The haredi world says that their religious rabbinical sensibilities are being manipulated by businessman and politicians on their Internet sites. The skillful manipulation seriously damages the popularity of haredi Internet sites which offer news items, op-eds and talk-backs focusing on internal ultra-Orthodox matters, spiced with multimedia.
Official rabbinic opinion allows surfing the Internet just for business purposes – but it’s a rule that apparently many are willing to break. According to a recently released study by the Central Bureau of Statistics, in 2008, 55 % of haredim who own a computer also were connected to Internet – this is compared to a national average of 92%.

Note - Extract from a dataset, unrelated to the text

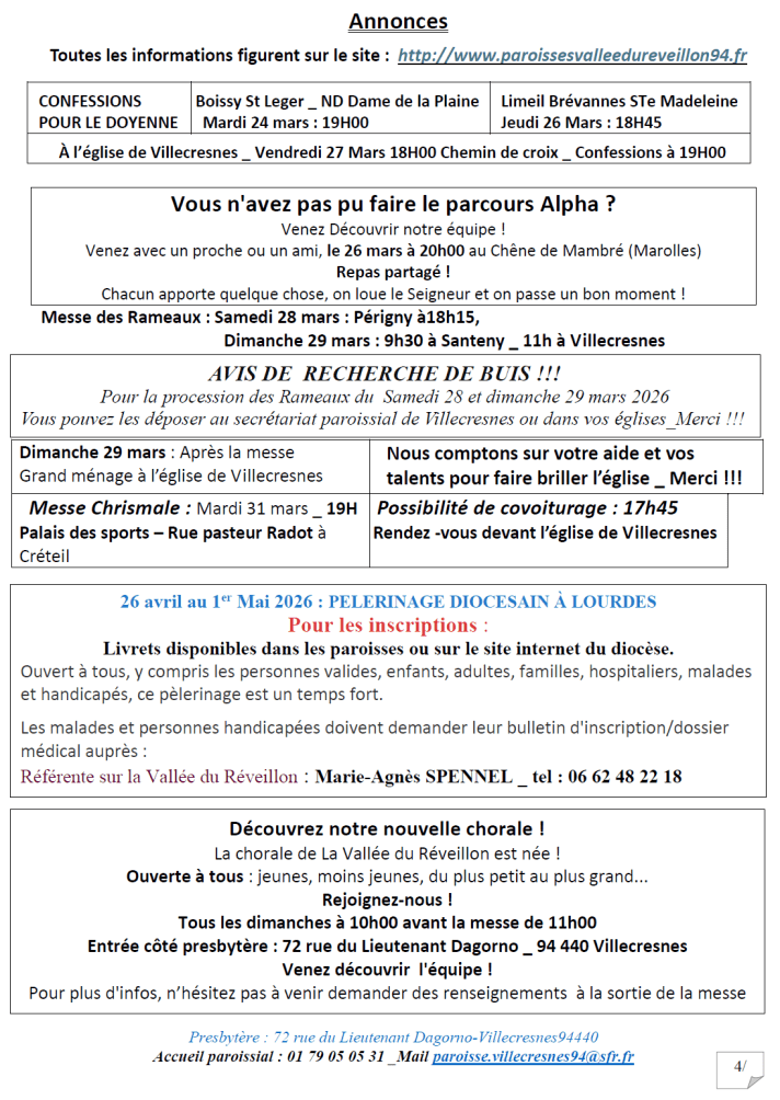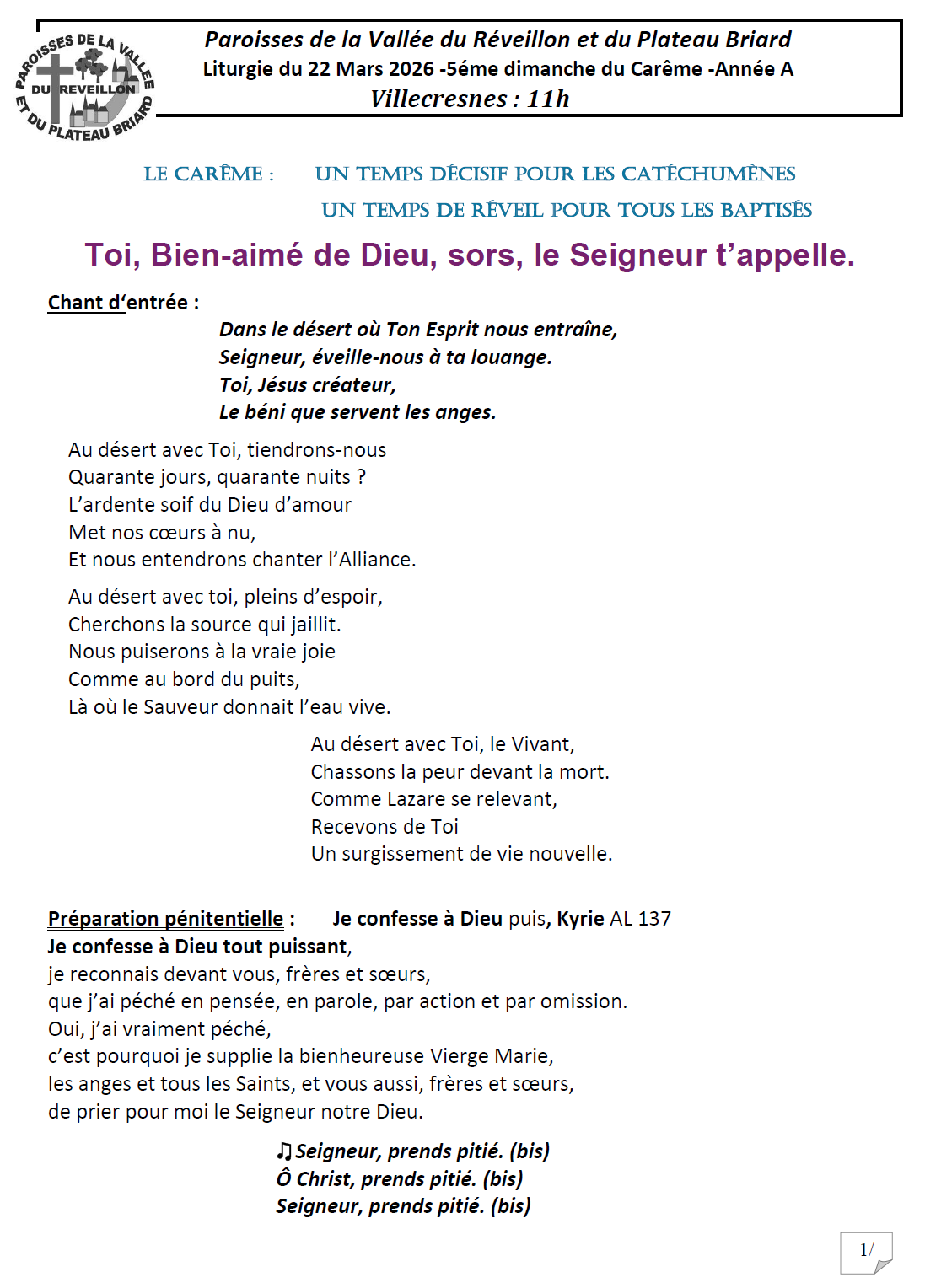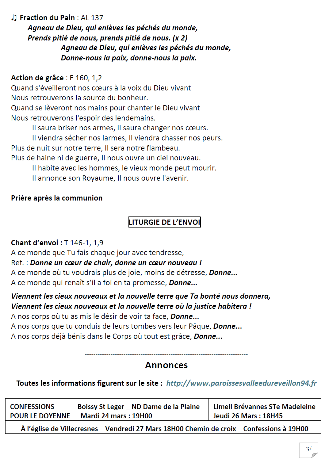 - Pour la célébration du dimanche 22 mars, à Villecresnes: voir juste après

“B’Hadarei Haredim”, “Haredim”, and “Kikar Shabbat” are the three biggest haredi sites, but there are smaller sites such as “Ladaat”.
They all dedicate themselves to issues such as new rabbinic decrees, interviews with haredi politicians and coverage of demonstrations.
While the haredi print media tends to deal with what is called “hard news” such as political and diplomatic stories, the haredi Internet sites delve into the depths of internal haredi affairs.
The site “Kikar Shabbat” will be posting an op-ed about the dangers of sending young boys to the mikveh, not from haredi mikveh-goers, but from secular perverts who frequent the baths.
The piece was carefully censored by the site’s editorial staff to take out words like “sex”, “backside” and “deviant”. Still, the topic of child abuse is strictly taboo in the haredi printed media.
Unlike the three daily haredi newspapers – Hamodia, Yated Ne’eman and Hamevaser – Internet sites are not aligned with any political or rabbinic leadership. This freedom, so they have discovered, allows them to be much more critical of rabbis, politicians and other haredi figures.